Text: Tobias Nilsson Photo: Lunah Lauridsen

Vegard ‘Ihsahn’ Sverre Tveitan, famed frontman of black metal giants Emperor now having large success with his solo project simply called Ihsahn was surprisingly visiting Slovenia for the first time in his musical career, and Metaldays was of course the way to go.

Doing most of the studio stuff on his own, he clearly needed a backing band when performing live, and this lot had fallen on Leprous, a rising progressive metal band from the same city in Norway. Actually, the bond goes deeper than that, but it is doubtful that this has affected the choice.
Anyhow, Leprous had had the pleasure of warming up for Ihsahn, playing a 25 minutes set of their own song leading up to this show. Even so, a bit of time was still spent on soundchecking and refining the final details – this made the show even more late than it already was, and honestly didn’t all that much difference to a sound that was before and kept on being quite muddy and lacking in detail in the front where most of the people were standing.

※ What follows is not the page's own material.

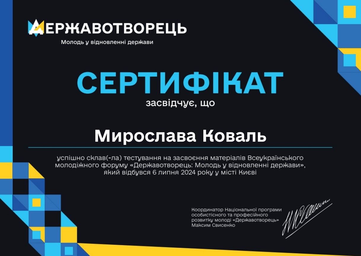 Здобувачі вищої освіти ОП «Публічне управління та адміністрування» взяли участь у Всеукраїнському молодіжному форумі «Державотворець: молодь у відновленні держави»

The crowd had certainly grown since Leprous had come on, but it was still only mid-sized and calm. Ihsahn, who was wearing a guitar strap with the Emperor logo, possibly for easy recognition, didn’t seem much affected by the turn-out though, and much like his backing band had done before him he came on and delivered songs and not much else. It could be felt that this man had a greater presence, but apart from that the connection with the crowd was almost fully forgotten once more. An instigated applause session in The Paranoid and a short greeting was just about it.
Even though they were sweating profoundly in the heat with Einar Solberg almost drowning in his shirt, the guys in Leprous gave headbanging a try once in a while, but this was not nearly enough to lift the show from mere mediocrity. The songs that should have been the driving force here were more or less completely lost in an unhelpful sound mix (which was a bit better to the back of the plain but still far from acceptable), and the performance that could have saved the missing sound was all but none existent!

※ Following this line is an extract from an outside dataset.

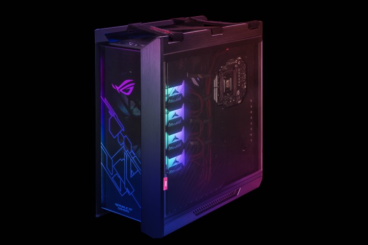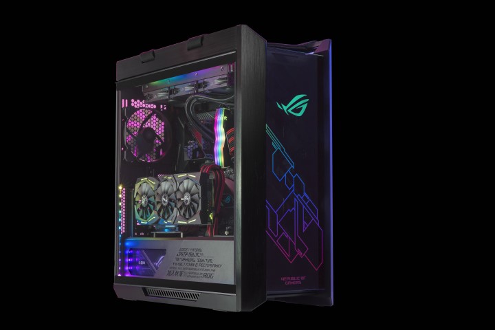 Le operazioni di intervento e manutenzione di ROG Strix Helios sono davvero molto semplici. Il pulsante di sblocco posteriore permette di aprire lateralmente i pannelli per accedere rapidamente e senza ricorso a strumenti aggiuntivi all’interno del case. I pannelli sono agganciati alla base e rimangono in sede, leggermente divaricati rispetto allo chassis, per poter conseguentemente essere rimossi completamente. Il case offre inoltre ampi alloggiamenti per installare ventole e radiatori, anche quelli più generosamente dimensionati, oltre che filtri rimovibili sul fronte e nella parte superiore ed inferiore al fine di proteggere più efficacemente l’interno dalla polvere.

I admit I wasn’t especially taken with Leprous even though I had had some expectations to their show, but a man with stage seniority like that of Ihsahn really should know how to do better than this!
This may have been the first visit of the black metal superstar to Metaldays and Slovenia, but I can honestly say that this festival and its audience deserved better and hope that if he decides to return, and of course is invited back again, he will have pulled something worth watching together.